REQUIRED WORK: Copy the data that appears below exactly. Drop the pictures.
*** STORED DATA ***
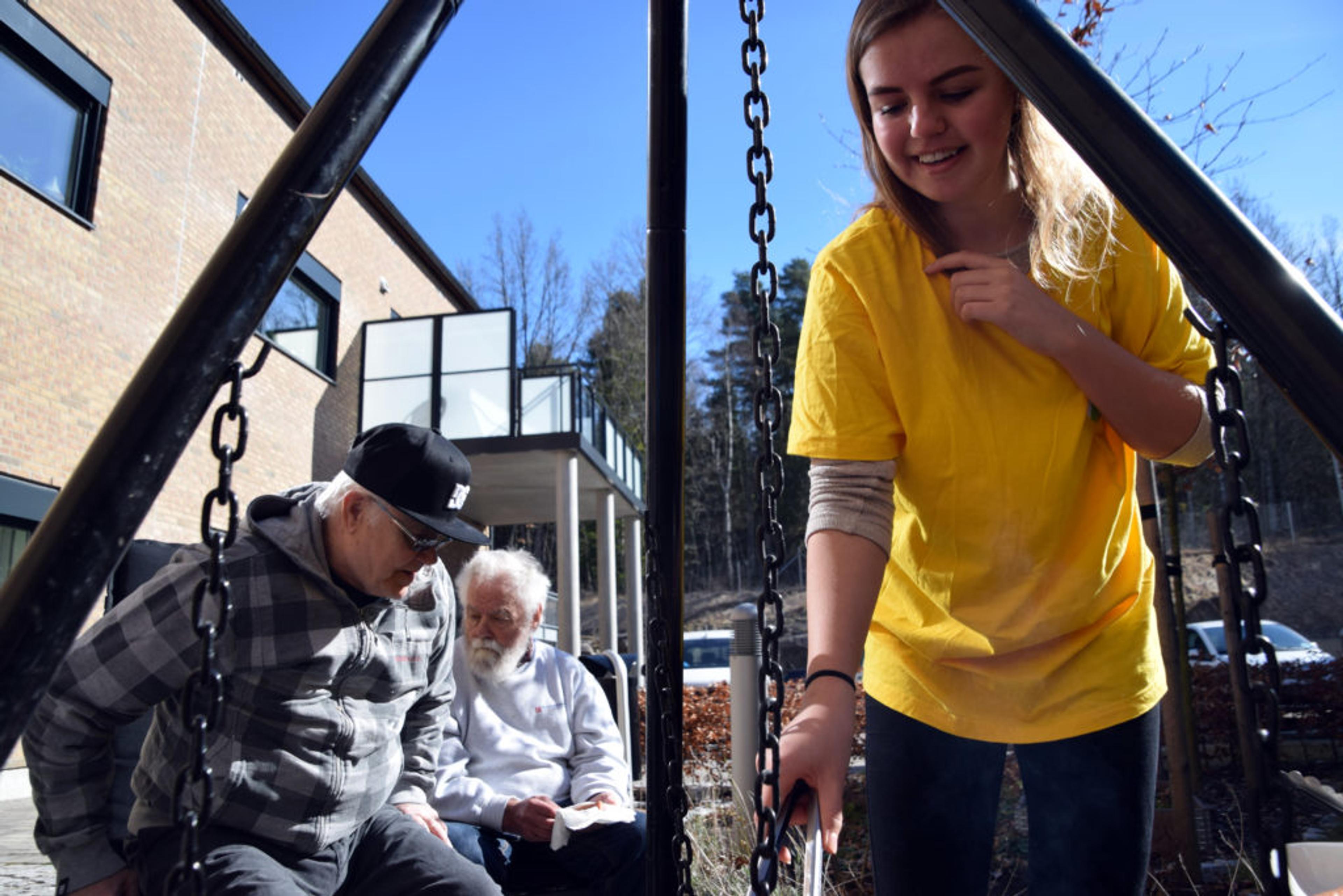 Re VGS-elever lærer faget i praksis på Re helsehus, og helsehuset får fantastisk god hjelp. Det setter beboerne stor pris på, har ReAvisa referert. Foto: Stian Ormestad, ReAvisa.
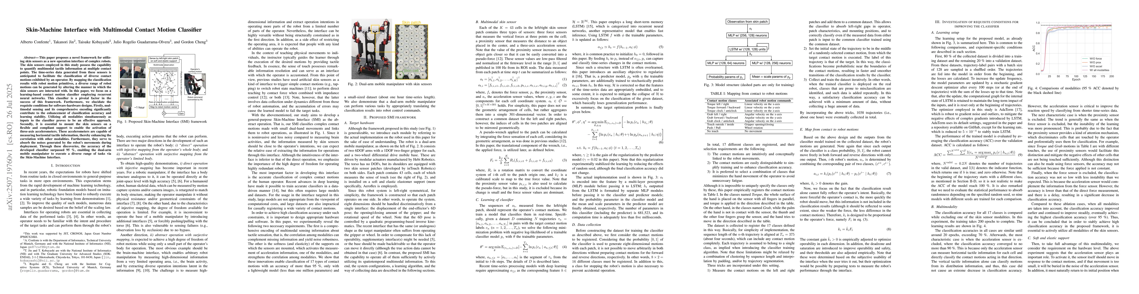 This paper proposes a novel framework for utilizing skin sensors as a new operation interface of complex robots. The skin sensors employed in this study possess the capability to quantify multimodal tactile information at multiple contact points. The time-series data generated from these sensors is anticipated to facilitate the classification of diverse contact motions exhibited by an operator. By mapping the classification results with robot motion primitives, a diverse range of robot motions can be generated by altering the manner in which the skin sensors are interacted with. In this paper, we focus on a learning-based contact motion classifier employing recurrent neural networks. This classifier is a pivotal factor in the success of this framework. Furthermore, we elucidate the requisite conditions for software-hardware designs. Firstly, multimodal sensing and its comprehensive encoding significantly contribute to the enhancement of classification accuracy and learning stability. Utilizing all modalities simultaneously as inputs to the classifier proves to be an effective approach. Secondly, it is essential to mount the skin sensors on a flexible and compliant support to enable the activation of three-axis accelerometers. These accelerometers are capable of measuring horizontal tactile information, thereby enhancing the correlation with other modalities. Furthermore, they serve to absorb the noises generated by the robot's movements during deployment. Through these discoveries, the accuracy of the developed classifier surpassed 95 %, enabling the dual-arm mobile manipulator to execute a diverse range of tasks via the Skin-Machine Interface. https://youtu.be/UjUXT4Z4BC8
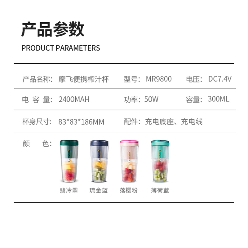 摩飞新品 榨汁杯家用水果迷你小型果汁杯电动便携式炸果汁机无线榨汁机【PCTG/琉金蓝】
*** End of STORED DATA ***
WORKED SOLUTION:
 Re VGS-elever lærer faget i praksis på Re helsehus, og helsehuset får fantastisk god hjelp. Det setter beboerne stor pris på, har ReAvisa referert. Foto: Stian Ormestad, ReAvisa.
 This paper proposes a novel framework for utilizing skin sensors as a new operation interface of complex robots. The skin sensors employed in this study possess the capability to quantify multimodal tactile information at multiple contact points. The time-series data generated from these sensors is anticipated to facilitate the classification of diverse contact motions exhibited by an operator. By mapping the classification results with robot motion primitives, a diverse range of robot motions can be generated by altering the manner in which the skin sensors are interacted with. In this paper, we focus on a learning-based contact motion classifier employing recurrent neural networks. This classifier is a pivotal factor in the success of this framework. Furthermore, we elucidate the requisite conditions for software-hardware designs. Firstly, multimodal sensing and its comprehensive encoding significantly contribute to the enhancement of classification accuracy and learning stability. Utilizing all modalities simultaneously as inputs to the classifier proves to be an effective approach. Secondly, it is essential to mount the skin sensors on a flexible and compliant support to enable the activation of three-axis accelerometers. These accelerometers are capable of measuring horizontal tactile information, thereby enhancing the correlation with other modalities. Furthermore, they serve to absorb the noises generated by the robot's movements during deployment. Through these discoveries, the accuracy of the developed classifier surpassed 95 %, enabling the dual-arm mobile manipulator to execute a diverse range of tasks via the Skin-Machine Interface. https://youtu.be/UjUXT4Z4BC8
 摩飞新品 榨汁杯家用水果迷你小型果汁杯电动便携式炸果汁机无线榨汁机【PCTG/琉金蓝】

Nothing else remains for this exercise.